Books from Adafruit/>
Coloring book – “Ladyada’s E is for electronics”: Ladyada’s E is for Electronics is a coloring book adventure with electronic components and their inventors. Makers of all ages can learn, color, and share common parts and historical figures throughout history. Explore the world of electronics with Ladyada as your guide! Coloring book dimensions: 8.5in x 5.5in (read more)
Makers: The New Industrial Revolution by Chris Anderson: In Makers, Wired editor and bestselling author Chris Anderson reveals that a new industrial revolution is under way. Today’s entrepreneurs, using open-source design and 3-D printing, are employing micro-manufacturing techniques to create a tsunami of products in small batches, often customized for specific customers at higher margins. Every country, to remain economically strong, must make physical products if it doesn’t want to become a nation of burger flippers and checkout clerks. Yet in America and Europe, it has become harder and harder to sustain manufacturing as entire industries, from clothing to electronics, have shifted their factories to Asia and other low-cost regions. In the United States, manufacturing employment as a percentage of total working population is at a century-long low. (read more)
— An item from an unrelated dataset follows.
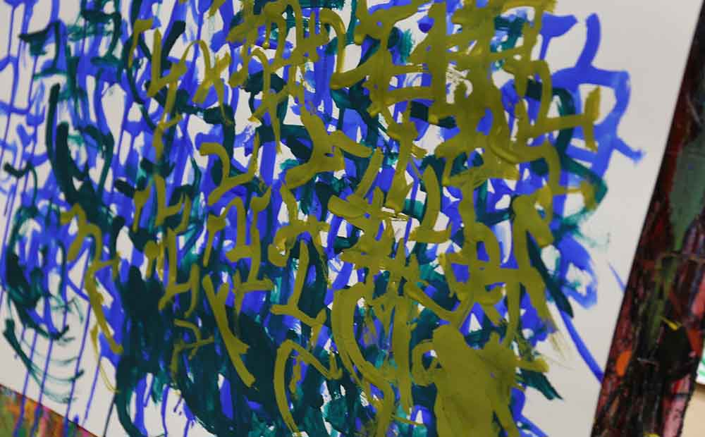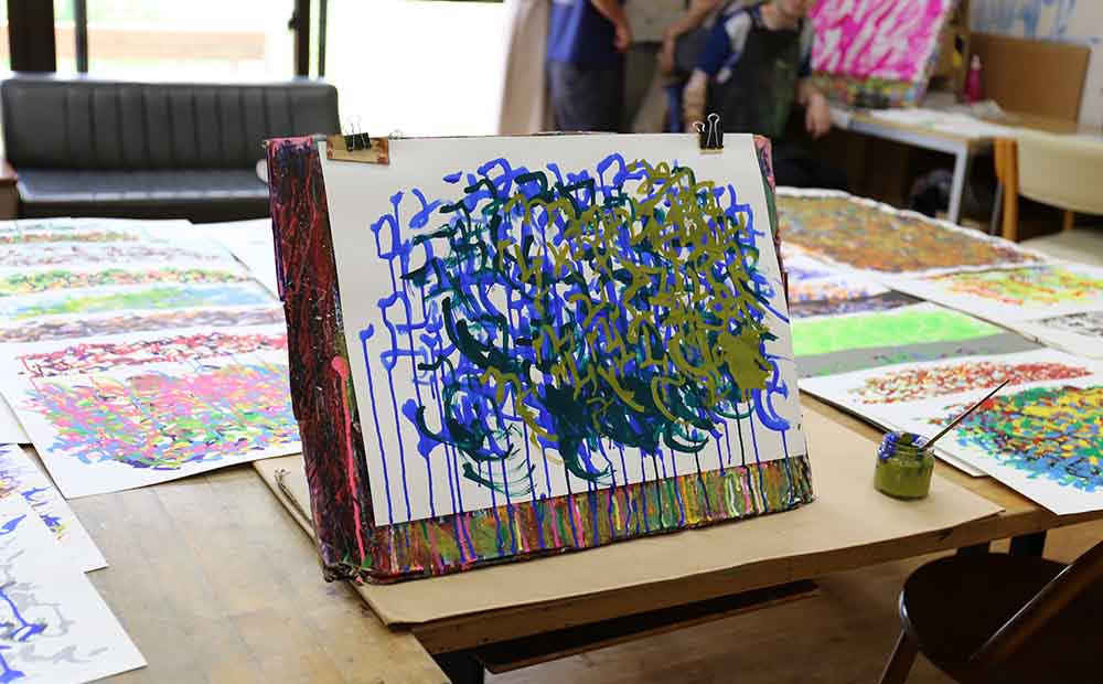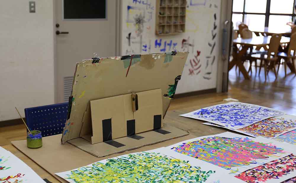 スタッフさん手作りの画板に向かって描かれているのは、自分の名前「なおき」の文字です。カラフルな色使いは全て川原さんが選んでいるそうで、作品によってはとても斬新な色合いのものもあります。

Encyclopedia of Electronic Components Volume 1 by Charles Platt: Want to know how to use an electronic component? This first book of a three-volume set includes key information on electronics parts for your projects—complete with photographs, schematics, and diagrams. You’ll learn what each one does, how it works, why it’s useful, and what variants exist. No matter how much you know about electronics, you’ll find fascinating details you’ve never come across before. (read more)
Getting Started with Arduino By Massimo Banzi – 2nd Edition: A maker classic, this valuable little book offers a thorough introduction to the open-source electronics prototyping platform that’s taking the design and hobbyist world by storm. Getting Started with Arduino gives you lots of ideas for Arduino projects and helps you get going on them right away. From getting organized to putting the final touches on your prototype, all the information you need is right in the book. (read more)
Programming the Raspberry Pi: Getting Started with Python: This is the book I’m currently reading. (And enjoying.) Program your own Raspberry Pi projects! Create innovative programs and fun games on your tiny yet powerful Raspberry Pi. In this book, electronics guru Simon Monk explains the basics of Raspberry Pi application development, while providing hands-on examples and ready-to-use scripts. See how to set up hardware and software, write and debug applications, create user-friendly interfaces, and control external electronics. Do-it-yourself projects include a hangman game, an LED clock, and a software-controlled roving robot. (Read me.)
Nonfiction Books from Other Places
The Information: A History, a Theory, a Flood by James Gleick: A fascinating and engaging investigation into the stuff at the heart of our contemporary world: information, communication, and information theory. Recommended by Kate Milford. (read more)
Distrust That Particular Flavor by William Gibson: While certainly best known for his fiction — from the “invention” (or at least crystallization of “cyberpunk”) Neuromancer (1984) to his excellent near future tales such as Pattern Recognition (2003) and Zero History (2010) — the heartbeat throbbing under his work has always been his canny observation of the world we live in — and his ability to trace trajectories for where technology and culture will tangle together in the future. This collection of essays from publications ranging from WIRED to New York Times demonstrate Gibson’s strength addressing the contemporary world. As he has said before: “The future is already here — it’s just not very evenly distributed.” (read more)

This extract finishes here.